Monday 30 December 2013

Slowtake QuickTake!


A Digital Preservation Story.

About 7 years ago a Manchester friend, Sam Rees gave me an Apple QuickTake 150; one of the earliest color digital cameras from around 1995, but he didn't have the right drivers so I've never known if it works or if it's just junk. A few months ago I tracked down the drivers on the Macintosh Garden website so yay, in theory I could test it!

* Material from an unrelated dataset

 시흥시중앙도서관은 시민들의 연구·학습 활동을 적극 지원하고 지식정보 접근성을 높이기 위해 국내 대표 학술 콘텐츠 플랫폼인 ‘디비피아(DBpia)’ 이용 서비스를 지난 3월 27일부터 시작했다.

But obtaining the drivers is only a small part of the problem. The QuickTake only works with Macs before 1998, and even if you have one you have to find a compatible media to transfer the downloaded drivers in the right data format. All this is challenging. The download itself comes as a .sit (Stuffit) file, which Modern Macs don't support as standard. When you decompress them you find that inside, the actual software and drivers are disk image files, but not in a disk image format that is understood by the older Mac I have (a Mac running Mac OS 9 could work, but my LCII only runs up to Mac OS 7.5.3).

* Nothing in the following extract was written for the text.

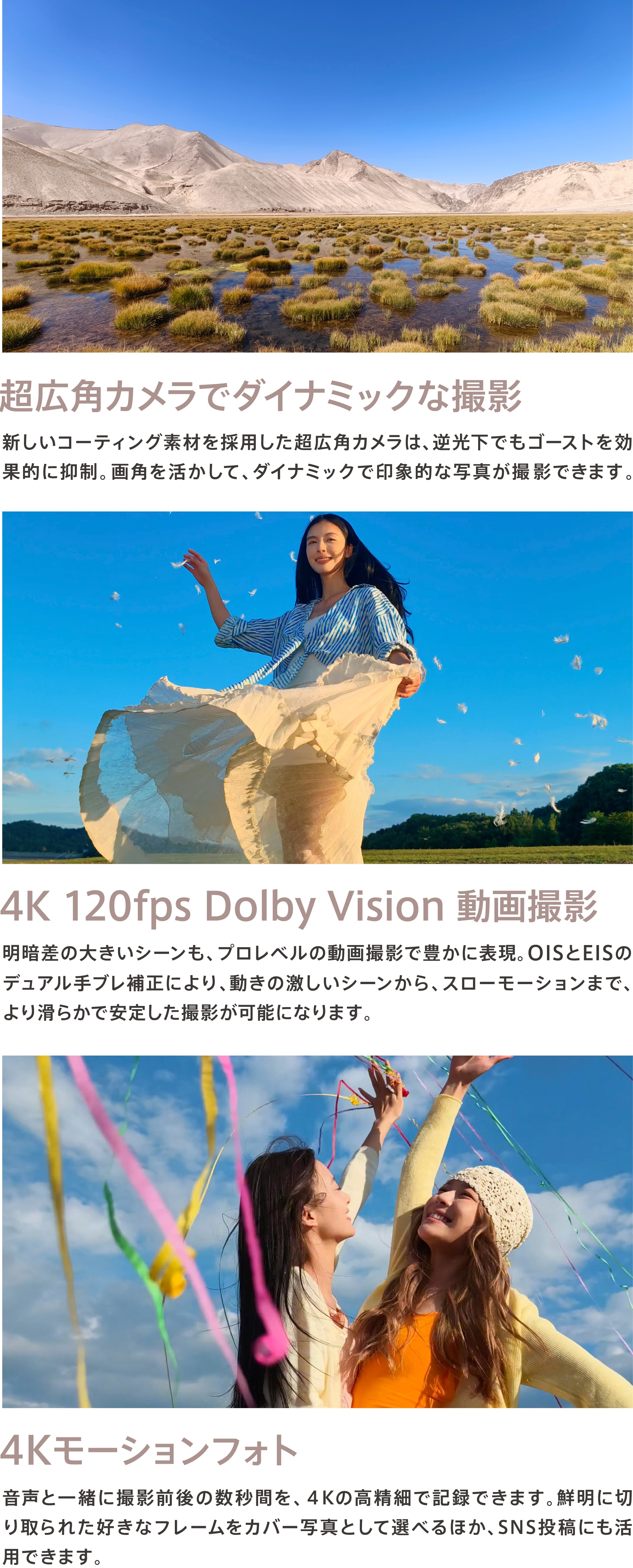| アウトカメラ | [望遠] 約5,000万画素 [広角] 約5,000万画素 [超広角] 約5,000万画素 [マルチスペクトル]約200万画素 |

In the end I used a 2002 iMac to decompress the .sit, because at least that was possible. The plan was to connect a USB Zip 250 drive to the iMac, copy the images to a Zip 100 disk, then use a SCSI Zip 100 drive on the LCII to load in the drivers.

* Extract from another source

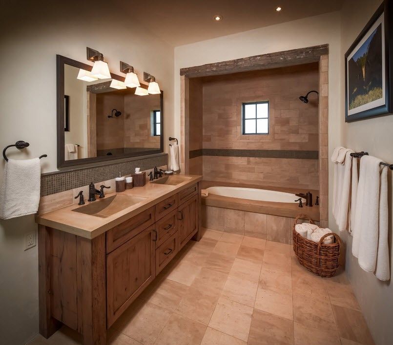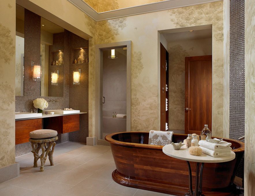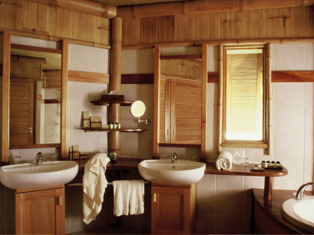 Для этого варианта оформления ванной комнаты характерно широкое применение дерева. Все иные материалы, например, металл или пластик, должны использовать минимально. Если есть возможность, лучше применить для отделки помещения натуральное дерево, например, дуб, бук или ясень. Дерево хвойных пород лучше не использовать из-за наличия в нём смолы.

However, I couldn't convert the floppy disk images to Disk Copy 4.2 format for my LCII, so I took a chance that simply saving the files in each floppy disk image as a set of folders might work.

Even getting an old circa 1993 Macintosh to work is a challenge. I'm fortunate in that I have an old, but still working SCSI Hard Disk. But, I still needed a special Mac to VGA monitor adapter to see its output (which I connected to a small LCD TV) and still had to spend some time hunting down the right kind of SCSI cable (D-type to D-type rather than D-type to Centronics) to hook up the Zip 100 drive.

After all this & the 30minutes it took to install all the QuickTake software (yes, just putting all the files in folders worked!) I was finally able to test it (no manuals, had to guess) and with a bit of fiddling was able to load wonderful fixed-focus VGA images from the camera in mere seconds (each image approx 60Kb). Opening and decompressing them took about 90s each on my slow LCII though!

Here's a picture of my family and our cats taken with the QuickTake 150 December 28, 2013. I used the 10s timer mode to take the photo, with the camera balanced on a book on an armchair - so apologies for the framing :-)
 


As you can see, the clarity of the image is actually pretty good. The native image required roughly 64Kb, which given an original 24-bit image means the QuickTake camera must have compressed images by about 14x.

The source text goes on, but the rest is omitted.